Re: [PATCHSET v3 sched_ext/for-7.1] sched_ext: Implement cgroup sub-scheduler support
From: Andrea Righi
Date: Fri Mar 06 2026 - 02:29:29 EST
Hi Tejun,
On Wed, Mar 04, 2026 at 12:00:45PM -1000, Tejun Heo wrote:
> This patchset has been around for a while. I'm planning to apply this soon
> and resolve remaining issues incrementally.
>
> This patchset implements cgroup sub-scheduler support for sched_ext, enabling
> multiple scheduler instances to be attached to the cgroup hierarchy. This is a
> partial implementation focusing on the dispatch path - select_cpu and enqueue
> paths will be updated in subsequent patchsets. While incomplete, the dispatch
> path changes are sufficient to demonstrate and exercise the core sub-scheduler
> structures.
>
> Motivation
> ==========
>
> Applications often have domain-specific knowledge that generic schedulers cannot
> possess. Database systems understand query priorities and lock holder
> criticality. Virtual machine monitors can coordinate with guest schedulers and
> handle vCPU placement intelligently. Game engines know rendering deadlines and
> which threads are latency-critical.
>
> On multi-tenant systems where multiple such workloads coexist, implementing
> application-customized scheduling is difficult. Hard partitioning with cpuset
> lacks the dynamism needed - users often don't care about specific CPU
> assignments and want optimizations enabled by sharing a larger machine:
> opportunistic over-commit, improving latency-critical workload characteristics
> while maintaining bandwidth fairness, and packing similar workloads on the same
> L3 caches for efficiency.
>
> Sub-scheduler support addresses this by allowing schedulers to be attached to
> the cgroup hierarchy. Each application domain runs its own BPF scheduler
> tailored to its needs, while a parent scheduler dynamically controls CPU
> allocation to children without static partitioning.
>
> Structure
> =========
>
> Schedulers attach to cgroup nodes forming a hierarchy up to SCX_SUB_MAX_DEPTH
> (4) levels deep. Each scheduler instance maintains its own state including
> default time slice, watchdog, and bypass mode. Tasks belong to exactly one
> scheduler - the one attached to their cgroup or the nearest ancestor with a
> scheduler attached.
>
> A parent scheduler is responsible for allocating CPU time to its children. When
> a parent's ops.dispatch() is invoked, it can call scx_bpf_sub_dispatch() to
> trigger dispatch on a child scheduler, allowing the parent to control when and
> how much CPU time each child receives. Currently only the dispatch path supports
> this - ops.select_cpu() and ops.enqueue() always operate on the task's own
> scheduler. Full support for these paths will follow in subsequent patchsets.
>
> Kfuncs use the new KF_IMPLICIT_ARGS BPF feature to identify their calling
> scheduler - the kernel passes bpf_prog_aux implicitly, from which scx_prog_sched()

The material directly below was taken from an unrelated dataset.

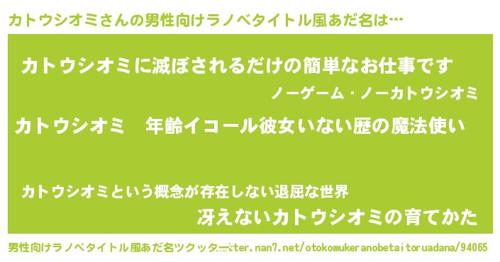 | ヘコむあだ名 | 『カトウシオミ(笑)』『カトふぇ~』 |

> finds the associated scx_sched. This enables authority enforcement ensuring
> schedulers can only manipulate their own tasks, preventing cross-scheduler
> interference.
>
> Bypass mode, used for error recovery and orderly shutdown, propagates
> hierarchically - when a scheduler enters bypass, its descendants follow. This
> ensures forward progress even when nested schedulers malfunction. The dump
> infrastructure supports multiple schedulers, identifying which scheduler each
> task and DSQ belongs to for debugging.
I've reviewed and conducted some basic testing with this. Apart from the
few minor nits, I haven't noticed any bugs or performance regressions, even
using scx_bpf_task_set_slice/dsq_vtime(), which is really good! I'll keep
running more tests, but for now everything looks good to me. Good job!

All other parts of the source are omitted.